Extracted data:

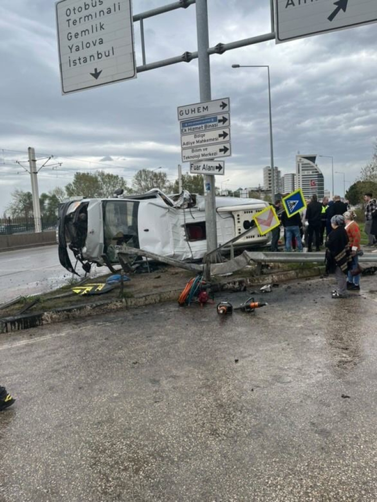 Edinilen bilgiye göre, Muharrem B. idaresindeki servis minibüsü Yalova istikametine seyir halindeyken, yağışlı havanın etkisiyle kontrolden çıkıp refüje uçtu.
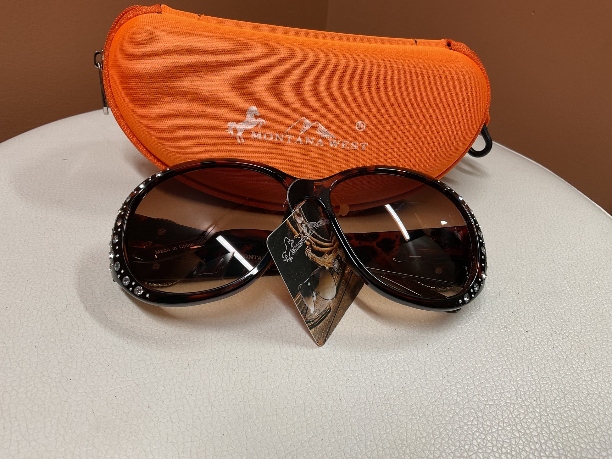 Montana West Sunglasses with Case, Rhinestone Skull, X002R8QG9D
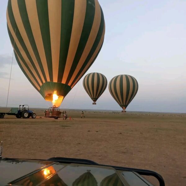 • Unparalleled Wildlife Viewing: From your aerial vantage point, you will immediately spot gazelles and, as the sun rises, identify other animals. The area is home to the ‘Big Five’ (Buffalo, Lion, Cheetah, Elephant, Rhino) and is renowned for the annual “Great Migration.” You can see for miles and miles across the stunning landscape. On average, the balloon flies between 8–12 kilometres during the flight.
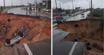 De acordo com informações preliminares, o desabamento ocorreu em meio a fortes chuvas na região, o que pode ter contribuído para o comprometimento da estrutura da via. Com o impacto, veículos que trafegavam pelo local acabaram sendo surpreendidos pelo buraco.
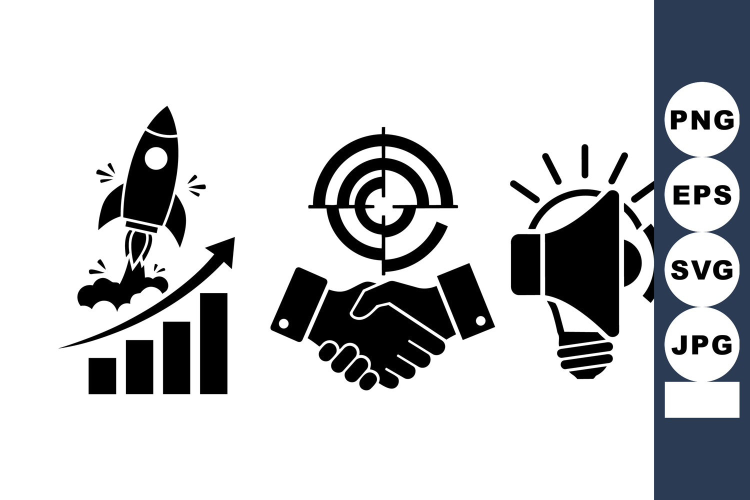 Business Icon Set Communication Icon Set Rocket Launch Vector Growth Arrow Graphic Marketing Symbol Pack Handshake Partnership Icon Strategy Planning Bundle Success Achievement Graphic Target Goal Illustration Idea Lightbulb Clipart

Requirement: Transcribe all of the material exactly and leave out its pictures.

Result of the task:
 Edinilen bilgiye göre, Muharrem B. idaresindeki servis minibüsü Yalova istikametine seyir halindeyken, yağışlı havanın etkisiyle kontrolden çıkıp refüje uçtu.
 Montana West Sunglasses with Case, Rhinestone Skull, X002R8QG9D
 • Unparalleled Wildlife Viewing: From your aerial vantage point, you will immediately spot gazelles and, as the sun rises, identify other animals. The area is home to the ‘Big Five’ (Buffalo, Lion, Cheetah, Elephant, Rhino) and is renowned for the annual “Great Migration.” You can see for miles and miles across the stunning landscape. On average, the balloon flies between 8–12 kilometres during the flight.
 De acordo com informações preliminares, o desabamento ocorreu em meio a fortes chuvas na região, o que pode ter contribuído para o comprometimento da estrutura da via. Com o impacto, veículos que trafegavam pelo local acabaram sendo surpreendidos pelo buraco.
 Business Icon Set Communication Icon Set Rocket Launch Vector Growth Arrow Graphic Marketing Symbol Pack Handshake Partnership Icon Strategy Planning Bundle Success Achievement Graphic Target Goal Illustration Idea Lightbulb Clipart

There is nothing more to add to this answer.